Brett Arends -- author, financial columnist, and winner of the Society of American Business Editors and Writers award -- writes:

"Membership dues (NRA) jumped as supporters rallied to the cause. So did profits. And executive pay ran into the millions. Not bad for a charity that is exempt from taxes.... The debate about gun control has produced no concrete action. But it has shaken up gun supporters, who have rushed out to buy more weapons and sent more money to the NRA. They were already in a panic after President Obama got re-elected."

Please read Arends' full article by clicking here: http://www.msn.com/en-us/money/companies/the-nra%e2%80%99s-profit-soars-as-gun-deaths-mount/ar-AAf2tvv?li=AAa0dzB.

In the wake of yet another mass murder, rigid fingers of blame point at access to guns, the mentally unstable, lax weapons laws, insufficient defense measures, and the frenzy of media exposure for the assailant.

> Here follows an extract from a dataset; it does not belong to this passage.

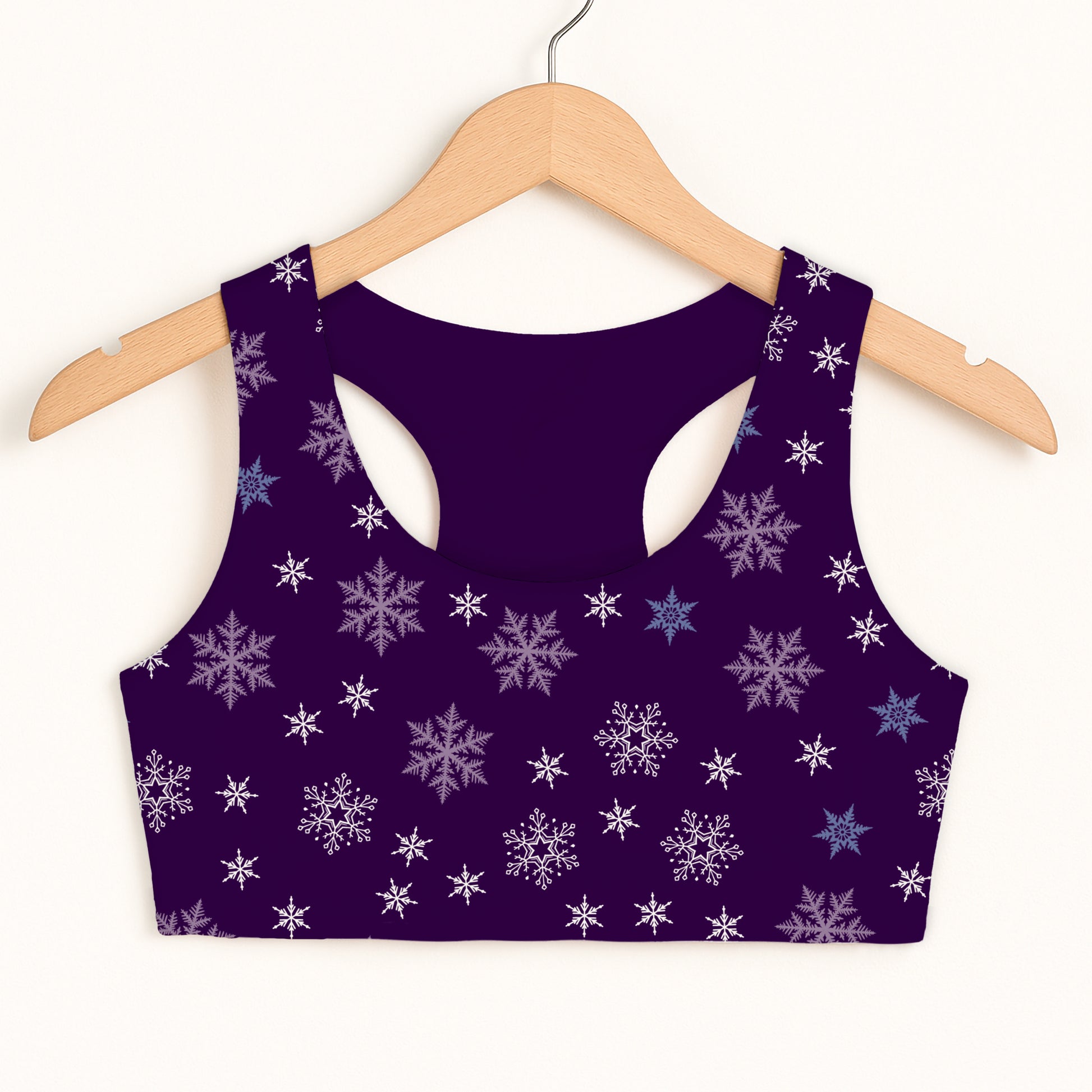 Let her sparkle this season in our girls’ purple snowflake sports bra! With its deep violet background and delicate snowflakes, this winter-themed top is perfect for dance practice, gymnastics, or cozy holiday lounging. The soft, stretchy fabric offers comfort and support while keeping her festive and stylish all season long.

One thing cannot be denied: The present climate of unspeakable violence in the United States has been directly exacerbated by the availability of guns as these weapons end up in the hands of deadly criminals.

There is a compelling argument for gun control. In a poll by Quinnipiac University Polling Institute in 2013, more than 90 percent of U.S. voters supported background checks for all gun buyers. A majority of those surveyed supported stricter national gun control laws. Fifty-six percent were for a ban on the sale of assault weapons, and the same percentage supported a ban on the sale of high-capacity magazines, defined as those holding more than 10 rounds.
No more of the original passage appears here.